LIV.DAT welcomes new Fellow
The LIV.DAT Centre for Doctoral Training would like to welcome Dr Egidijus Kukstas, who joined LIV.DAT as a Fellow in September 2020.
At LIV.DAT PhD students are offered a comprehensive training in data science alongside projects in the field of accelerators. Building on his expertise in simulation, data handling and analysis, Egidijus provides support and training to these students. His activities range from tasks such as running specialised software on High Performance Computing (HPC) machines, optimising code to take full advantage of the available resources to more hands-on aspects such as model training and interpretation of results.
Egidijus also carries out his own research into machine learning/AI and how these tools can be applied to accelerator science done at the institute. Beam monitoring and diagnostics are big parts of optimal accelerator operation; there is good potential for machine learning/AI algorithms to be used in event classification and forecasting – something which has historically been done by scientists and technicians. Furthermore, he will help establish and develop industry partnerships.

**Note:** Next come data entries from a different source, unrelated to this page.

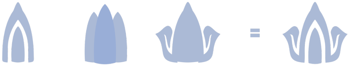
Gambar 3 Sketsa Logo dari Kubah, Jagung, dan Topi Adat Gorontalo

Logo terdiri dari 3 bagian, yaitu kubah, jagung, dan topi adat Gorontalo, yang merupakan ikon kota Gorontalo. Dimana kubah menjadi simbol dari kota Gorontalo dengan sebutan serambi madinah. Simbol jagung yang melekat dengan makanan khas daerah Gorontalo Binthe Biluhuta . Begitu juga dengan topi adat Gorontalo. Logo ini digabungkan menjadi satu kesatuan yang mempresentasikan bahwa terminal Dungi adalah mitra untuk menopang, merangkul, melindungi, demi mencapai tujuan jasa transportasi.
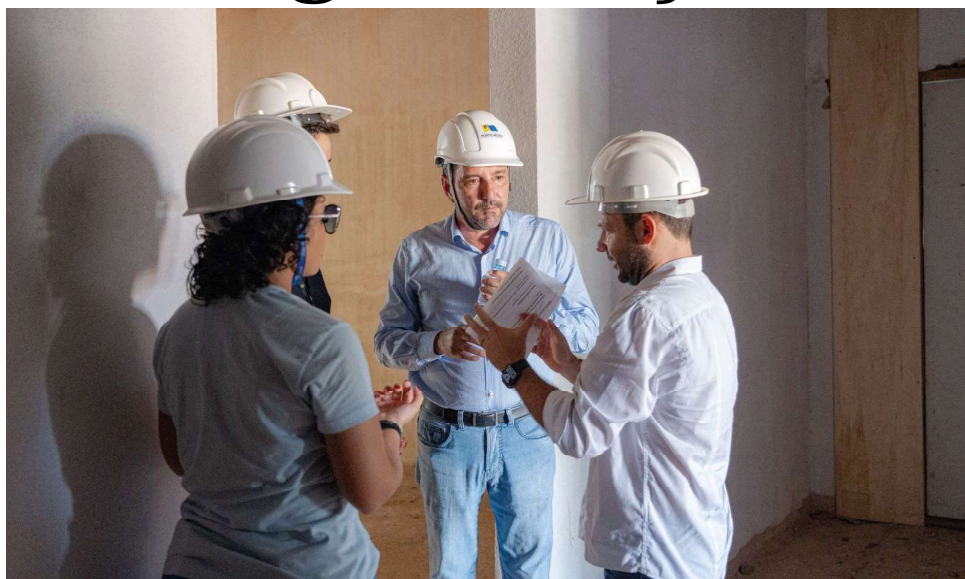
Mais 3,6 mil metros quadrados com melhorias na estrutura física, hidráulica e elétrica

Ao todo, 3,6 mil metros quadrados estão em obras com melhorias na estrutura física, hidráulica e elétrica. O centro cirúrgico passa por reformas. Além disso, estão sendo construídas mais três enfermarias. A unidade também ganhará uma sala de emergência com posto de enfermagem para atendimento das gestantes, ampliação da sala de cuidados de atenção
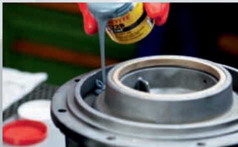
Popravak metalnih dijelova
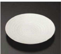
⑨ C-7-46 (4/9用) 陶一珍うず5寸 平皿 有田焼 ¥2,450 (15.4φ×1.8)
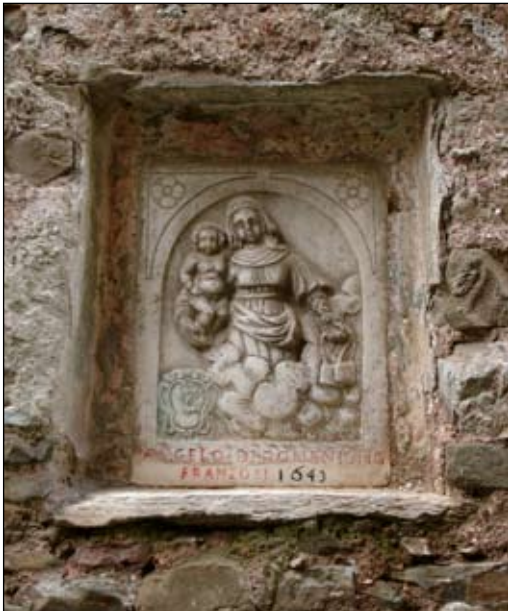
4. Madonna del Carmine 1643 41 x 31 cm Via Trento 3
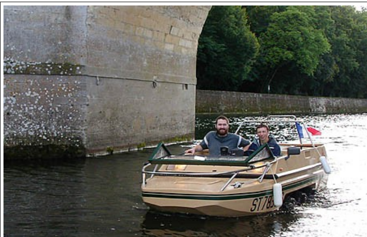
Et sous le château de Chenonceau
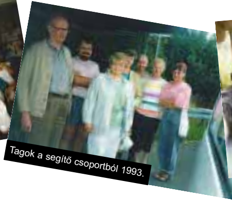
Tagok a segítő csoportból 1993.
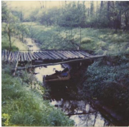
Brücke Laske 26.4.1995
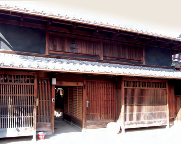
奈良町にぎわいの家
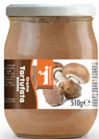
179 Tartufata chiara 510g
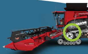
BRANCHEMENT : TUBE DE VIDANGE, HOTTE ARRIÈRE, TANK À GRAINS (EN REMPLACEMENT DE LA CAMÉRA D'ORIGINE)
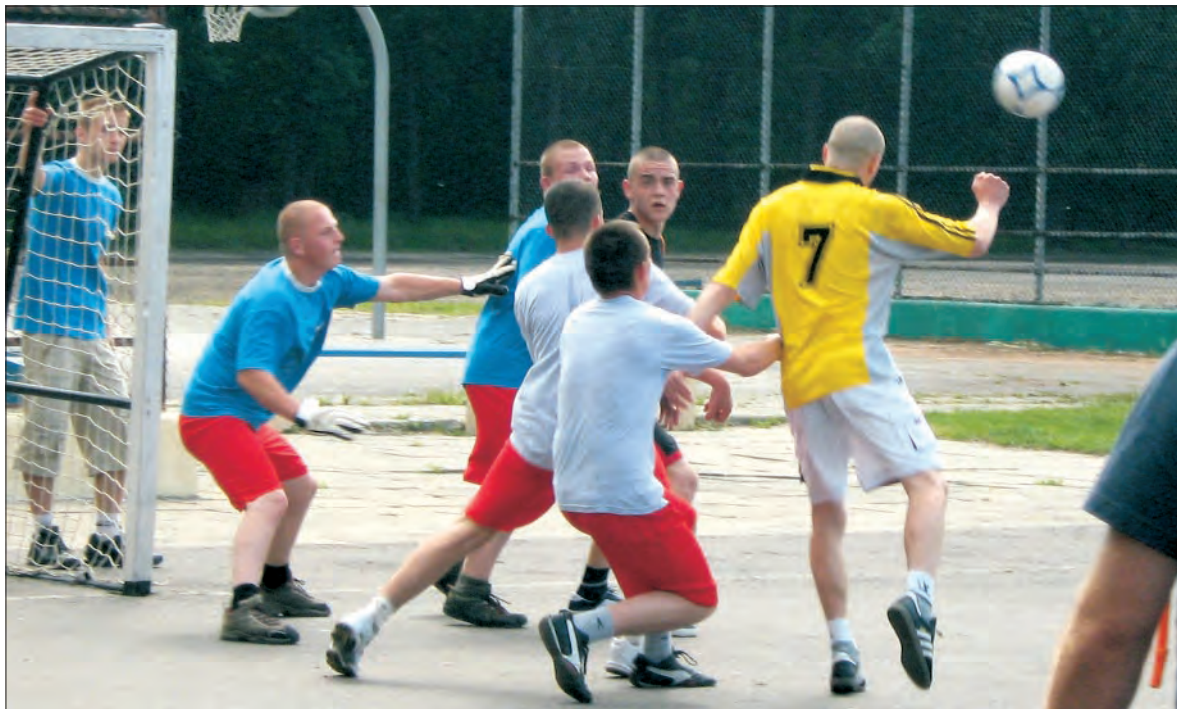
Podczas turnieju piłki nożnej walka była niezwykle zacięta i emocjonująca.

Egidijus Kukstas graduated with a MSci degree in Physics with Astrophysics from the University of Glasgow in 2016. Whilst at Glasgow, Egidijus gained research experience through a number of summer projects. In the latter years of the programme, his interests migrated towards the field of cosmolgy. His masters project assessed the feasibility of an alternative model of the Universe as a way of explaining Dark Energy. It involved subjecting the non-standard 'Timescape' model to internal consistency checks as well as parameter estimation tests.
In 2020, Egidijus was awarded his PhD from Liverpool John Moores University. His thesis focussed on galaxy evolution in dense environments; specifically, how environmental processes can 'quench' star formation in satellite galaxies. He adapted the method of 'cross-correlations' to be used to quantify the level of influence that environment exerts on galaxy star-formation activity. Egidijus computed two-point statistics encapsulating the cross-correlation in real observations and compared them against equivalent synthetic observations from cosmological hydrodynamical simulations. The use of this technique allows for galaxy environment to be studied without the need to find individual galaxy groups or clusters.
A warm welcome to Dr Egidijus Kukstas!